WORK ITEM:
Start to finish, return the listing below exactly, pictures excluded.

PROVIDED MATERIAL:
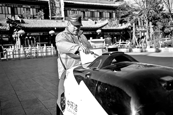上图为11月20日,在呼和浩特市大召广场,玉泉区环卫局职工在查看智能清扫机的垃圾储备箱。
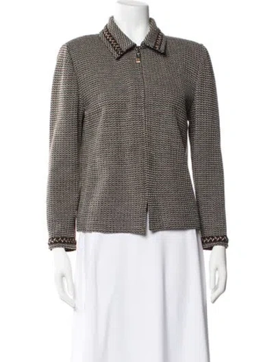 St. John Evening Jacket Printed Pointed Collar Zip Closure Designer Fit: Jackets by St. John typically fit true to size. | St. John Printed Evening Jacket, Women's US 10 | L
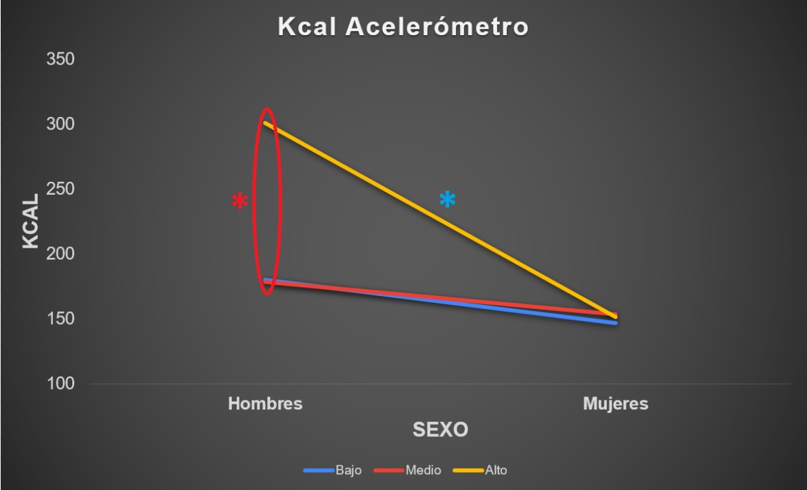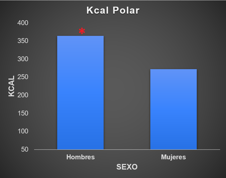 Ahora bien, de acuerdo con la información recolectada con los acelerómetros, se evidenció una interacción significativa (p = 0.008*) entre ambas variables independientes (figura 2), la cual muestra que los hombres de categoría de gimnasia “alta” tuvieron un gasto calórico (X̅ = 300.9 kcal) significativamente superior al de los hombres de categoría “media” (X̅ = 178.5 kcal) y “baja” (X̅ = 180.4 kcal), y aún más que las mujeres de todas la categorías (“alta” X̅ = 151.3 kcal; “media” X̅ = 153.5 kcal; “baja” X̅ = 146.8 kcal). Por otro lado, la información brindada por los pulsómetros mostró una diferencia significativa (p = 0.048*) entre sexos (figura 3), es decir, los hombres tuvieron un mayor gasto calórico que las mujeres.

ANSWER TO THE EXERCISE:
上图为11月20日,在呼和浩特市大召广场,玉泉区环卫局职工在查看智能清扫机的垃圾储备箱。
 St. John Evening Jacket Printed Pointed Collar Zip Closure Designer Fit: Jackets by St. John typically fit true to size. | St. John Printed Evening Jacket, Women's US 10 | L
 Ahora bien, de acuerdo con la información recolectada con los acelerómetros, se evidenció una interacción significativa (p = 0.008*) entre ambas variables independientes (figura 2), la cual muestra que los hombres de categoría de gimnasia “alta” tuvieron un gasto calórico (X̅ = 300.9 kcal) significativamente superior al de los hombres de categoría “media” (X̅ = 178.5 kcal) y “baja” (X̅ = 180.4 kcal), y aún más que las mujeres de todas la categorías (“alta” X̅ = 151.3 kcal; “media” X̅ = 153.5 kcal; “baja” X̅ = 146.8 kcal). Por otro lado, la información brindada por los pulsómetros mostró una diferencia significativa (p = 0.048*) entre sexos (figura 3), es decir, los hombres tuvieron un mayor gasto calórico que las mujeres.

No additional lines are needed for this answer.